Fourteen records mismatched so badly that they were deleted. Mostly from 77040 curiously enough.
Corrected the zip code for 34 records.
Went back and looked at streets where within a zip, there were 5 times as many records with a prefix as there were with blank prefix. For each blank prefix, if there were 5 or more non-blank prefixes within 300 feet, then update it. There were 577 of those updates. Then looked at 10 or more neighbors within 500 feet, and that caught another 111 records.
Finally there were a few manual corrections applied. Prominent among these was Martin Luther King Jr, which was mostly lacking the Jr.
To simplify things a bit, I decided that housing complexes of various sorts that have the same street address (maybe only distinguished by unit numbers) will be combined to a single address location.
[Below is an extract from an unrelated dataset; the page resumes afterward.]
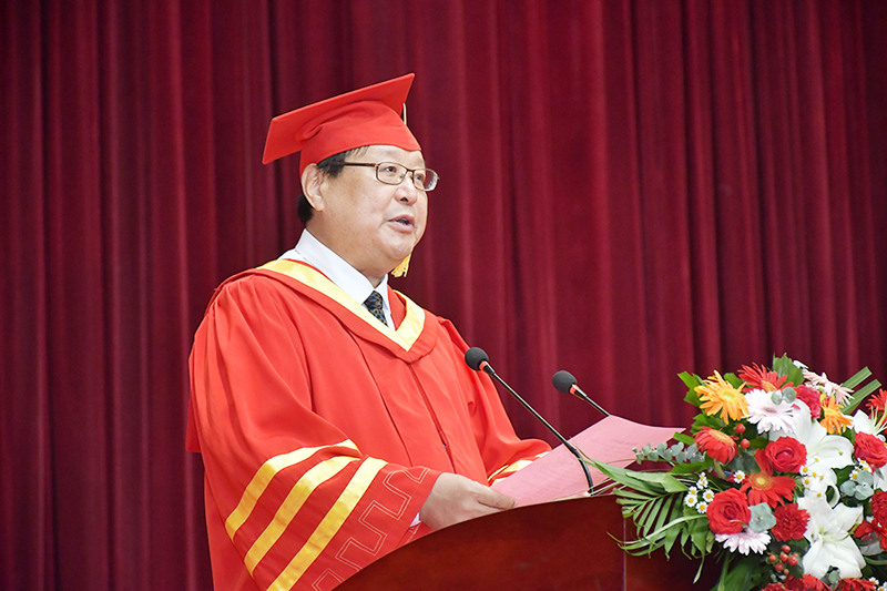 馮濱魯在致辭中向圓滿完成學業的6619名畢業生表示熱烈的祝賀,向為同學們的成長成才傾注心血和汗水的老師、家長,表示感謝。他勉勵畢業生開拓進取、奮勇爭先,在廣闊的舞臺上施展才干,朝著光明的前景奮力奔跑,跑好新時代賦予的這一棒接力賽。馮濱魯贈言畢業生,要做志向高遠的追夢人,心懷家國、信念堅定。要樹立遠大理想目標,涵養家國情懷,與時代同頻共振,將個人的“小目標”融入黨和國家的“大藍圖”,心系“國家事”、肩扛“國家責”、厚植“國家情”,用行動踐行“請黨放心,強國有我”的錚錚誓言;要做終身成長的實踐者,日日精進、無有不成。要樂于學習、善于學習、終身學習;要做勇攀高峰的實干家,腳踏實地、篤行致遠。要有一種豁達和奮進的姿態,經受磨難、不畏挫折,昂揚唯實惟先的朝氣、挺起踔厲奮發的志氣和攻堅克難的銳氣,內心有光、精神明亮,篤行致遠、不負韶華。
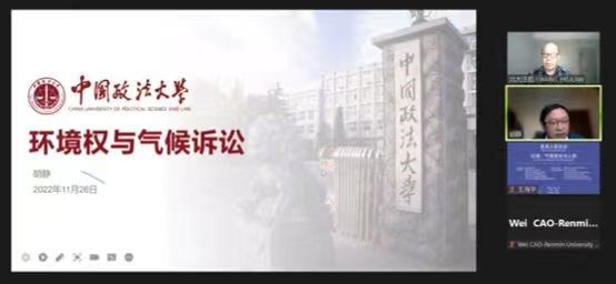 副院长兼环境资源法研究所所长于文轩教授和副所长胡静教授在线参加论坛并发表主题演讲。

So as the final step, all records with identical addresses had their locations averaged. These I call my geocoding locations. And then, finally, I converted that dataframe into a data table which will allow much faster searches to be made later on.
In total, there were 6,423 corrections of various sorts made, which out of 1.5 million records is amazingly small. This is a very clean dataset. Now I did take a pretty conservative approach, I know that there are still errors that I did not correct, probably another 6,000 or so, but that is still pretty good. Good enough, in my estimation.